Two years later, Dobrowolska-Furdyna was appointed the Rev. John Cardinal O’Hara, C.S.C. Professor of Physics for a five-year term. Following her first year in this position, she was elected a Fellow of the American Association for the Advancement of Science for her "seminal experimental studies of semiconductor materials and tireless contributions to undergraduate education and outreach to local communities on energy conservation." In 2012, Dobrowolska-Furdyna's research led her to collaborate with scientists from the University of British Columbia and Lawrence Berkeley National Laboratory to identify the mechanisms responsible for ferromagnetism in the semiconductor GaMnAs. Following this discovery, she received another Joyce Award and was appointed to the position of associate dean for undergraduate studies in the College of Science.
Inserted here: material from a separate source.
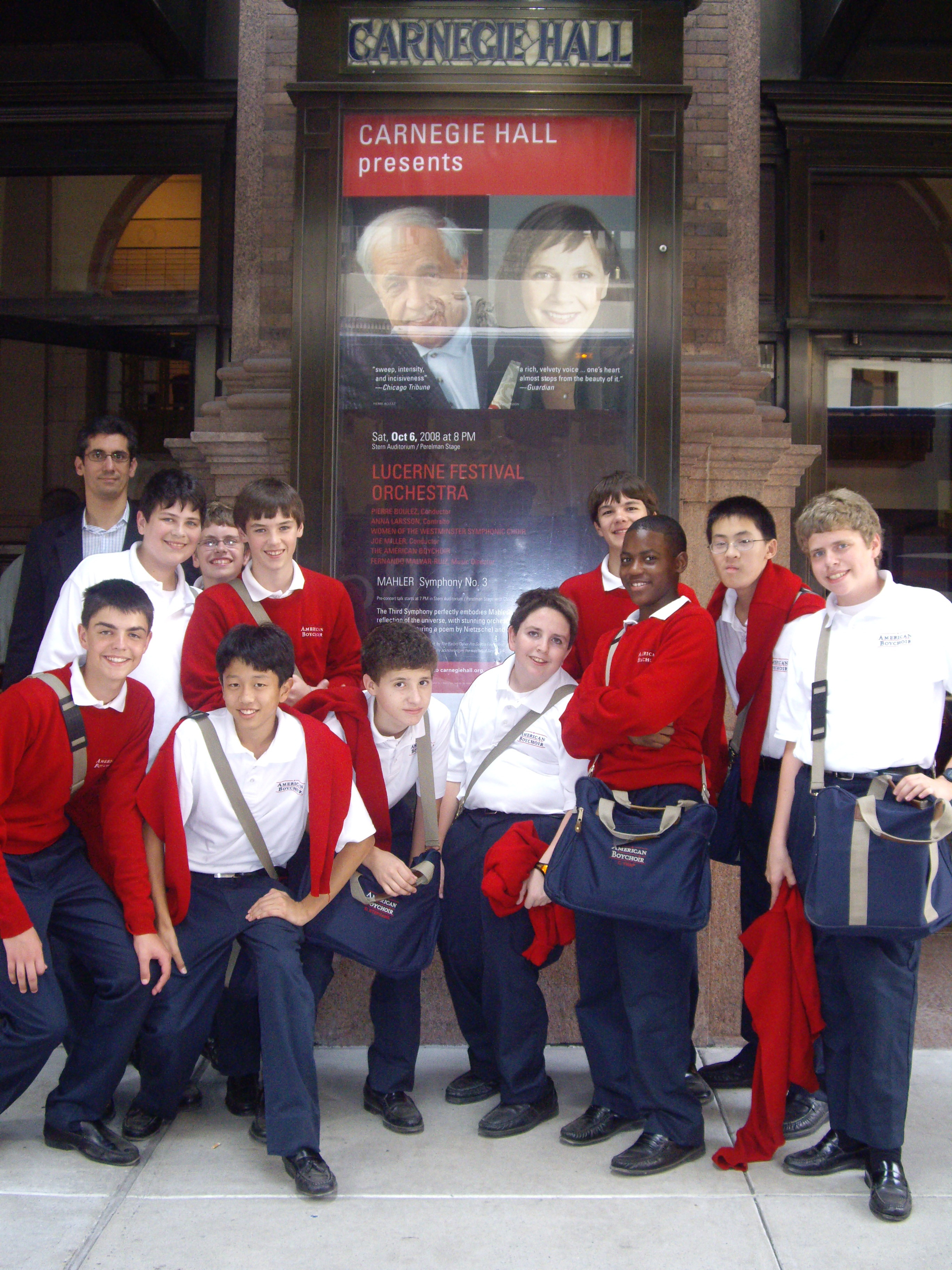 Members of the American Boychoir pose outside Carnegie Hall in New York City. Lawrence siblings Tristan and Adrian Brothers are former members of the choir, based in Princeton, N.J.

As an associate dean, Dobrowolska-Furdyna organized an annual tennis tournament to raise funds for science programs in local South Bend, Indiana schools. Prior to the appointment of Amy Coney Barrett to the Supreme Court of the United States in 2020, Dobrowolska-Furdyna was one of nearly 200 members of Notre Dame's faculty to sign letters opposing her nomination.